Sarılıp duruyoruz. “İyi ki geldin kııız.. ben seni çok seviyoom.” diyor sürekli olarak. Ben de onu özlemiştim. İzmir ağzını özlemiş. Oğlu Arca, eşi Ender hepsi harika insanlar. Beni evimde ve ailemle birlikte gibi hissettiriyorlar. Keyifli sohbetler ediyoruz. Mutfakta sofra hazırlarken biraz yardım edeyim dedim. Hemen Meltem “Sen benim kayın validemmişsin. Hadi bakalım, otur şu köşeye kahveni iç. Ben her şeyi hazırlarım” dedi.
Ertesi gün onu dinlemedim. Azıcık da olsa işin ucundan tuttum...
Ertesi sabah erkenden kalktık. Fuara gitme hazırlığına koyulduk. Meltem arkadaşlarını tek tek aradı “Nasıl gidiyorsun? Seni alayım mı?” O fedakâr bir arkadaş, vefalı bir dost...
Giyindik, süslendik kahvaltımızı yaptık hazırız ve fuardayız...
Sanatseverler dışında resim çalışan kursiyerler de gelip eserlerin fotoğrafını çekiyorlar. Esinlenmek içinse tamam. Ancak bire bir kopyasını çalışacaklarsa üzülürüm. Çünkü hiçbir kopya aslının yerini tutmaz, emeklerine yazık . Resim sanatında ilerleme açısından ise bir katkı sağlamaz. Sürekli kopya çalışan bir ressam da asla imza olamaz.
Şarkıcı Tarkan'ın dediği gibi “Başkası olma kendin ol...”
Sergi açılışının akşamı katılımcı arkadaşlar ve Nihat bey hep birlikte Beyoğlu'nda bir yere yemeğe gittik. Müzik de vardı. Günün stres ve yorgunluğunu atarken daha bir kaynaştık arkadaşlarla. Yakınlaştık. Çeşitli danslar yaptık. Ben de kolbastı oynadım. Bu tür organizasyonlarda düzenlenen yemek kişileri kaynaştırma açısından önemli bence...Gazeteci Aykut Altındağ sırf sanatçı dostlarını görmek için her gün fuara geliyordu. Hatırnaz biri. Herkesin isteği doğrultusunda fotoğrafını çekiyor. Sanata gönülden destek veriyor. Benim de arkadaşlarımla pek çok fotoğrafımı çekti...

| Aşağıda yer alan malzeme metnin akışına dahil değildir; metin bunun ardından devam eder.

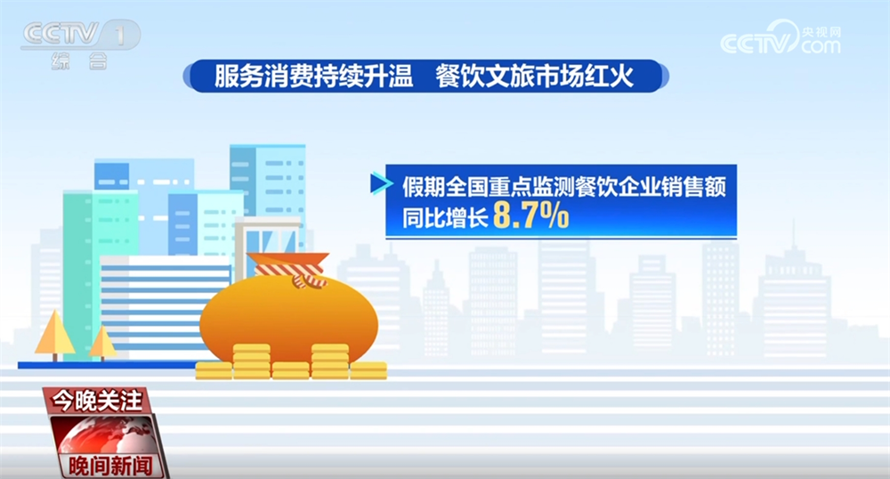Ülke genelindeki önemli perakende ve catering şirketlerinin satışları,% 6,3 oranında arttı. Ticaret Bakanlığı, perakende işletmelerinin ev aletleri, otomobil ve iletişim ekipmanı satışlarını izlemeye odaklandı. E-ticaret platformlarında akıllı ev ürünlerinin satışları yıllık% 20'den fazla arttı. Hizmet tüketimi ısınmaya devam ediyor ve ikram ve kültürel turizm pazarı patlıyor. Tatil sırasında, ülke çapında izlenen önemli catering şirketlerinin satışları yıllık% 8,7 arttı. Mayıs Günü Tatil Gözleminde

Semra Gözüyeşil orada tanıdığım ve sevdiğim ressam arkadaşlardan. Boylu, poslu Maşallah. Güzel de giyiniyor. Güzel anıları var. Kendisine son derece güveniyor. “Beni bu güne kadar hiçbir kapıdan geri çevirmediler.” diyor. Elbet kıvrak zekâsının da payı var bunda. Örneğin bir gün bir hastasını ziyarete hastaneye gitmiş. O gün ziyaret günü değilmiş. Kapıdan umursamadan geçmiş. Güvenlikçiler “Hanımefendi nereye?” diyerek durdurmak istemişler. Sert bir bakış atarak dönmüş ve “Tanımazdınız mı?” demiş. Güvenlikçiler şaşalamış “Özür dileriz efendim.” demişler...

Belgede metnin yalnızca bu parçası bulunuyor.